● **What the task asks**
Under this line is a listing; return exactly the lines starting at the one with "- Unplug connector" and running down to the one with "A black cloud", and leave out its pictures.

** Opening Entries shown block **

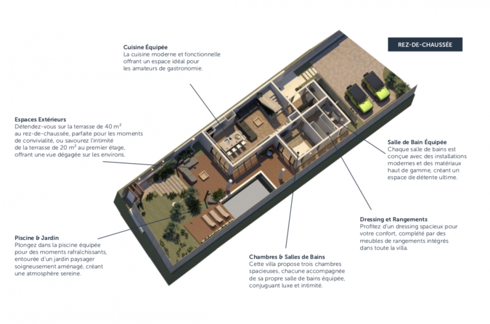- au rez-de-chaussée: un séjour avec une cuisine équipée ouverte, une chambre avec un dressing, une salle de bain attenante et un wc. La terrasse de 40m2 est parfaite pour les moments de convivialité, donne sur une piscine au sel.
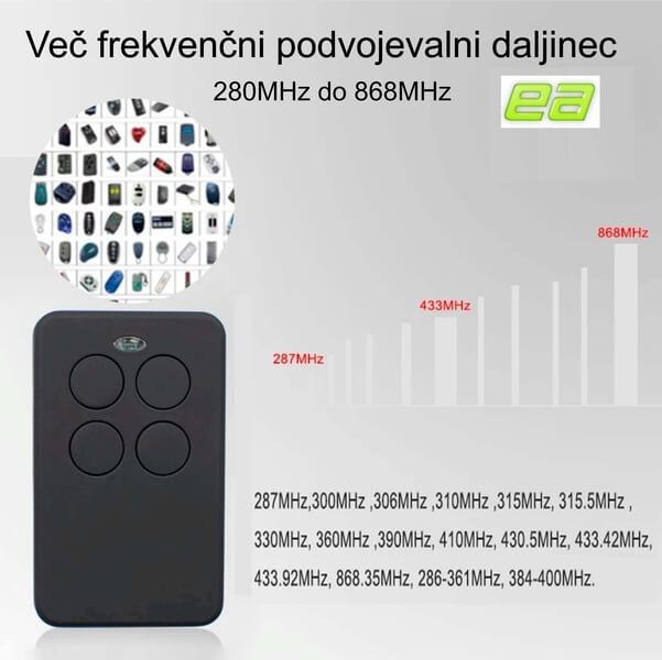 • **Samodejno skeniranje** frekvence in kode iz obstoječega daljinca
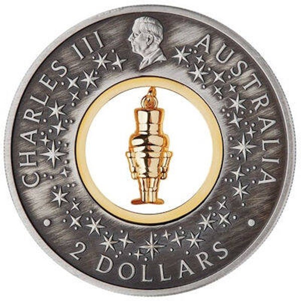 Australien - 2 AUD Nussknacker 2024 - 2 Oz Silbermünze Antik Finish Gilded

** Closing Entries shown block **
** Opening Entries shown block **

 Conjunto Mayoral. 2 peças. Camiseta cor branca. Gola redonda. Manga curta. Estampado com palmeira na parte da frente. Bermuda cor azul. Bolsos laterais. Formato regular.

** Closing Entries shown block **
** Opening Entries shown block **

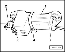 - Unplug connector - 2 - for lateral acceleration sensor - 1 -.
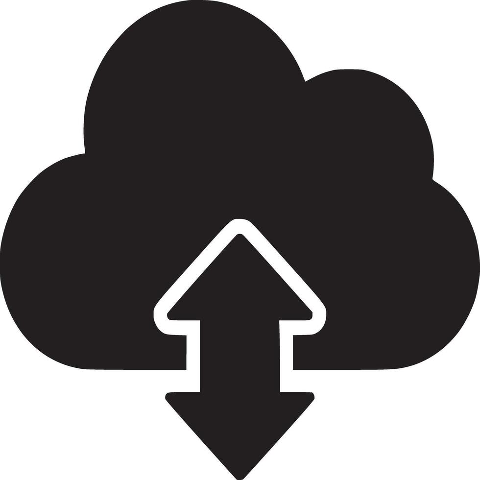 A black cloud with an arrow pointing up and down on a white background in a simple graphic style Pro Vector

** Closing Entries shown block **

● **Output below**
 - Unplug connector - 2 - for lateral acceleration sensor - 1 -.
 A black cloud with an arrow pointing up and down on a white background in a simple graphic style Pro Vector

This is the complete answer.